**Activity**
Repeat only the lines from the one that contains "Sandali infradito di" through the final line of the listing below, exactly, please, without pictures.

**Records supplied**
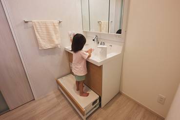 そこでおすすめなのが、洗面台下の引き出しが踏み台になるタイプ。
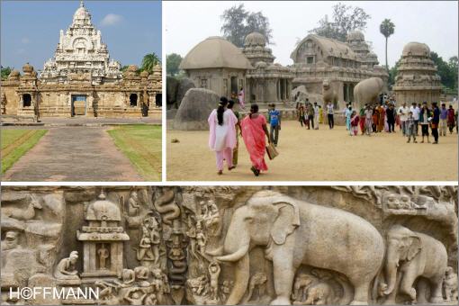 Kanchipuram, Stadt der tausend Tempel und die gut besuchten monolitischen Steintempel von Mahabalipuram.
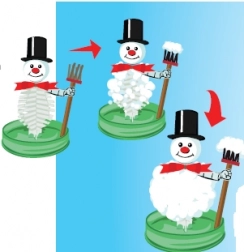 - Uporabiti čarobno tekočino - nalijte jo v posodico in opazujte čarobni proces oblikovanja snežaka.
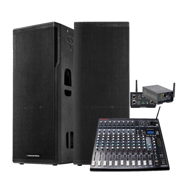Take your live sound to the next level with a **professional, cable-free setup** featuring the **Cerwin Vega CVM12 SKAA Wireless Mixer**, dual **CVXL-215 speakers**, and **SKAA Streetheart Wireless Receivers**.
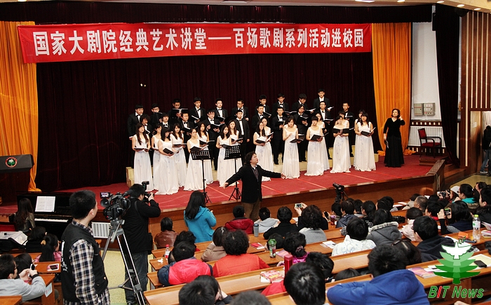 3月13日下午,由国家大剧院主办、米兰团委承办的“百场歌剧系列活动进校园”首发仪式在我校中关村校区中心教学楼报告厅拉开帷幕。著名男高音歌唱家戴玉强应邀来到我校与近六百名师生畅谈歌剧艺术。中国日报、中青报、新浪网等四十多家媒体对活动进行了现场报道。
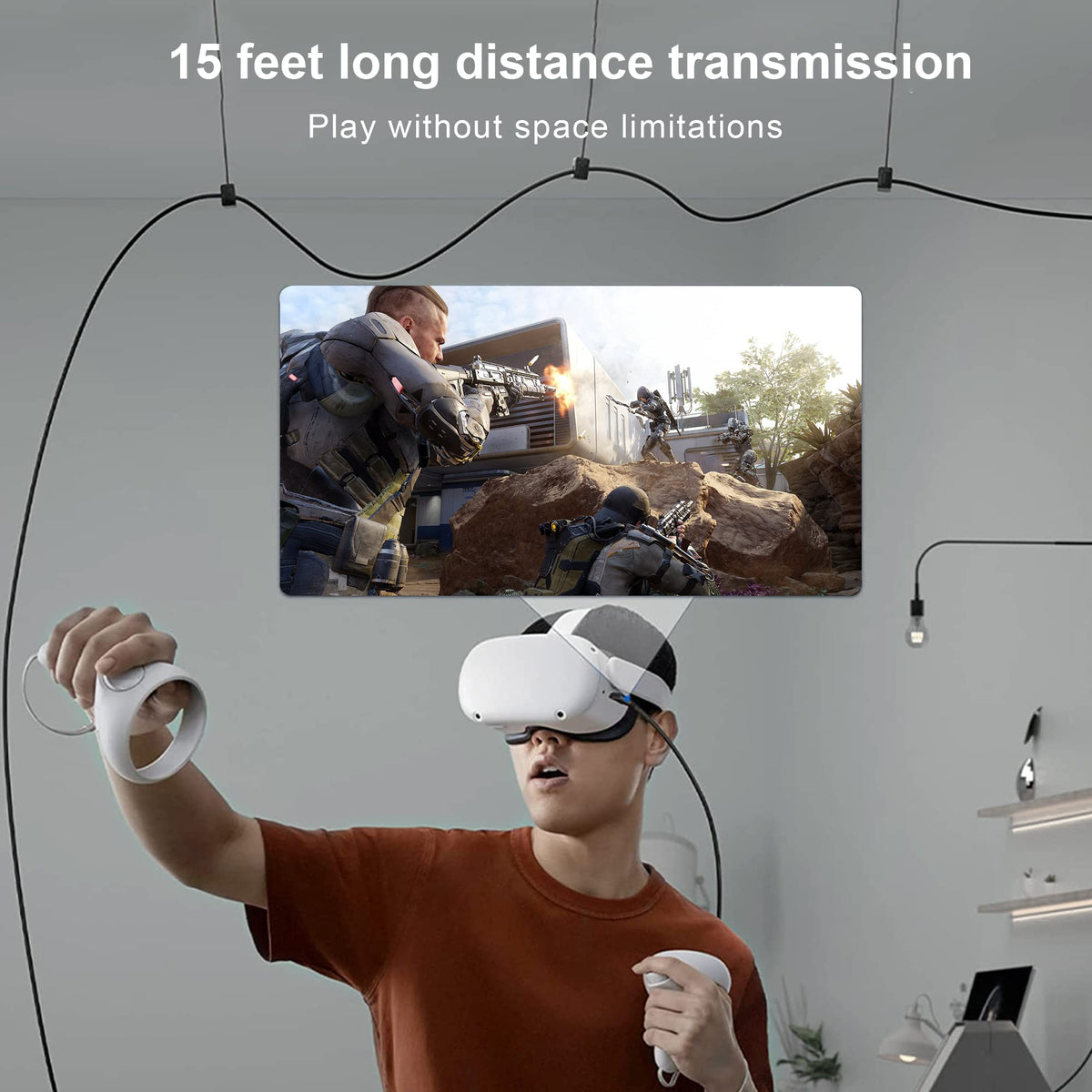 Q: What devices are compatible with the FIBBR Ultra Fiber Optic Cable?A: The FIBBR Ultra Fiber Optic Cable is compatible with a variety of devices including Oculus Quest Link, Pico, Vive VR glasses, and other PC VR devices, making it a versatile choice for users in the VR ecosystem.
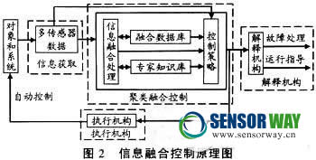 在工業(yè)控制中,過(guò)程運(yùn)行狀況簡(jiǎn)稱工況。在簡(jiǎn)單的系統(tǒng)中,某傳感器的輸出可大體反映工況。而在復(fù)雜的工業(yè)生產(chǎn)過(guò)程中,工況無(wú)法用一個(gè)或幾個(gè)過(guò)程變量直接表示,某傳感器的輸出只是描述了工況的一個(gè)側(cè)面。采用適當(dāng)?shù)男畔⑷诤戏椒,將從不同?cè)面描述工況的多個(gè)傳感器信息融合,就有可能獲得對(duì)工況的完整描述,能據(jù)此進(jìn)行操作和實(shí)時(shí)干預(yù),或系統(tǒng)按工況進(jìn)行自動(dòng)控制。圖2表明了信息融合控制的原理,這個(gè)過(guò)程可分解為以下部分:
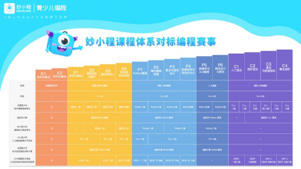 少儿编程教育机构-妙小程C++信奥赛编程课程,涵盖C++语法和C++算法的课程内容;C1阶段-C2阶段将完成C++语法基础到进阶的学习,让孩子了解C++的语法知识,孩子学完可参加GESP二级和全国电子学会计算机等级二级考试。C3阶段-C4阶段将完成C++算法知识的学习,孩子学完可参加CSPNOIP系列赛事、GESP六级、七级、八级和全国电子学会计算机七级和八级考试。妙小程学员在中国计算机学会主办的青少年信息学奥林匹克竞赛(入门级)的整体获奖率超过91%。
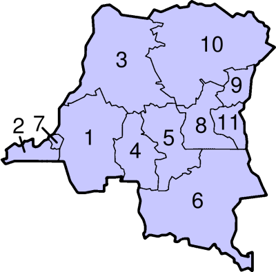 콩고 민주 공화국의 행정구역은 2009년 부터 10개의 주(province)와 1개의 시(ville)로 구성되었다.
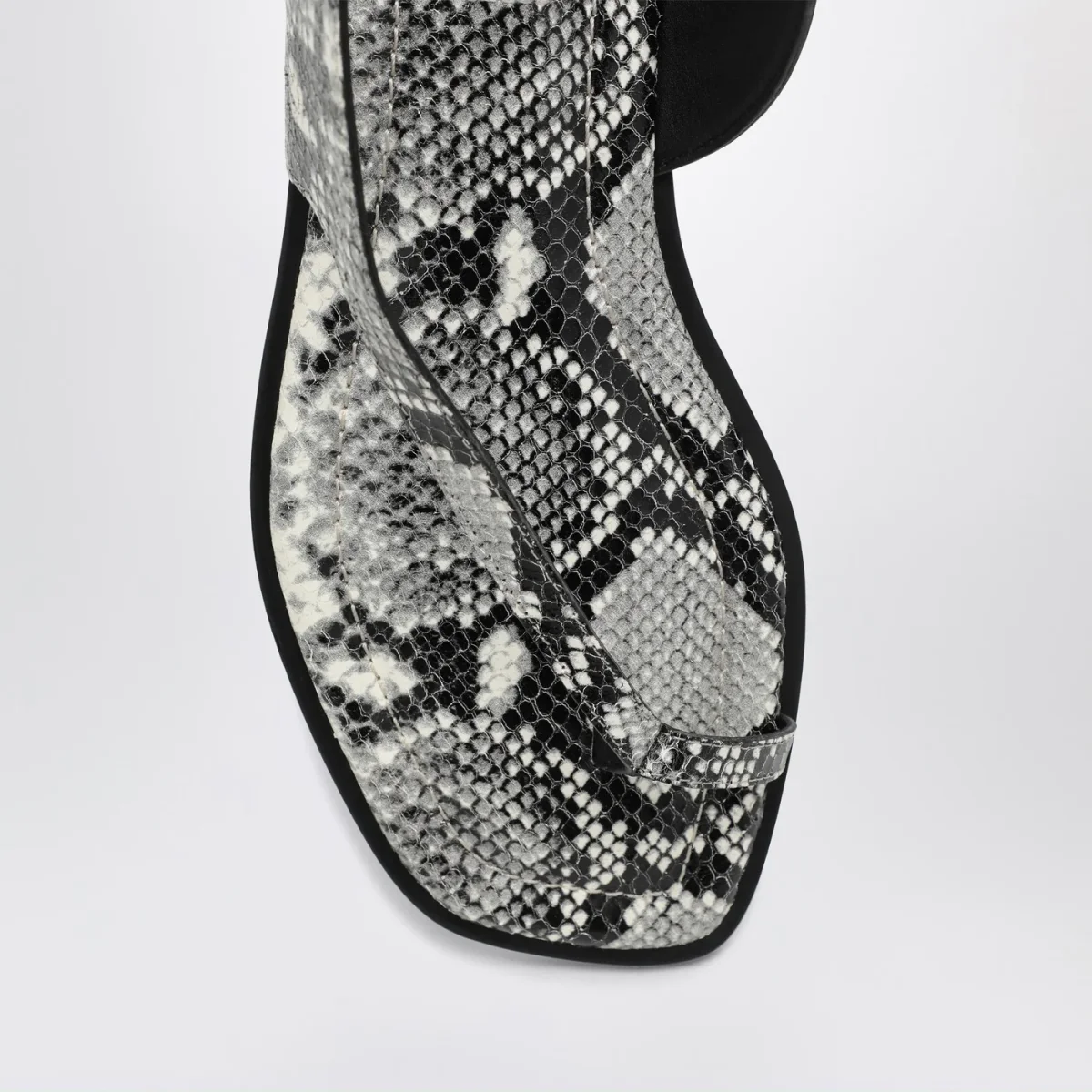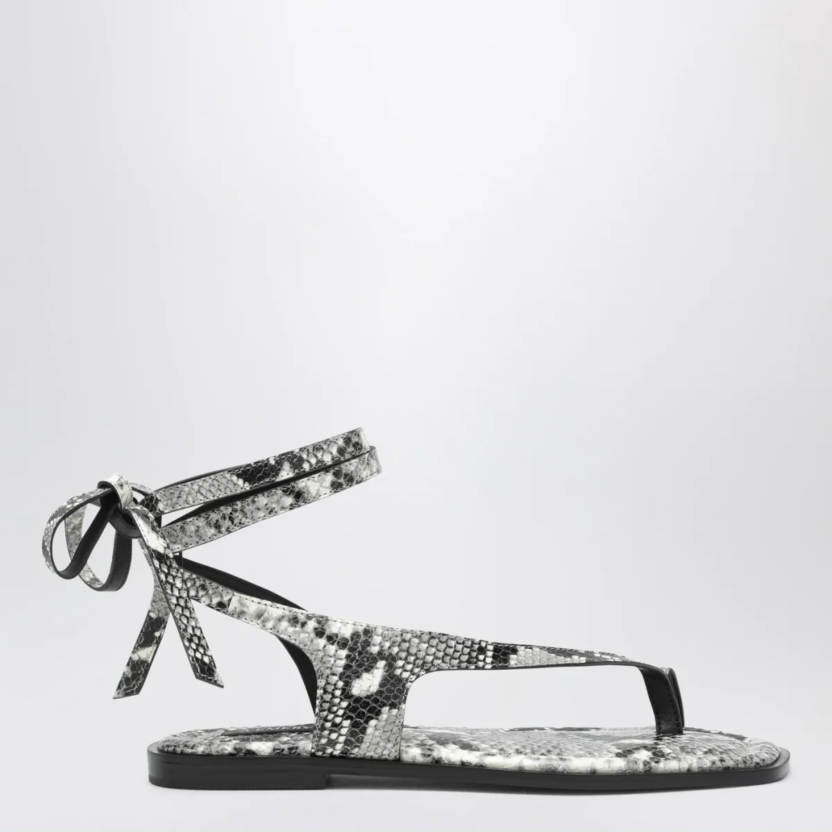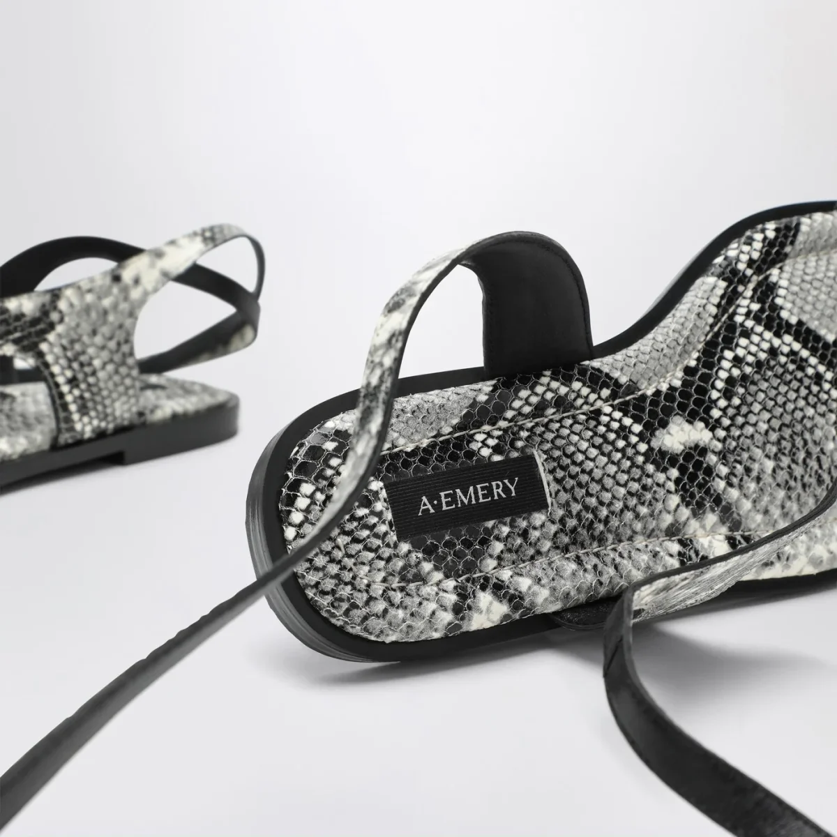Sandali infradito di A.Emery in pelle effetto coccodrillo avorio, caratterizzati da punta squadrata, plantare sottile imbottito, cinturino allacciato attorno alla caviglia e suola in cuoio.
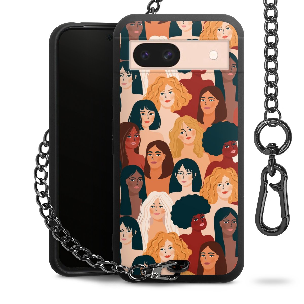 • Mattschwarze Handyhülle mit Metallkette

**Answer space**
Sandali infradito di A.Emery in pelle effetto coccodrillo avorio, caratterizzati da punta squadrata, plantare sottile imbottito, cinturino allacciato attorno alla caviglia e suola in cuoio.
 • Mattschwarze Handyhülle mit Metallkette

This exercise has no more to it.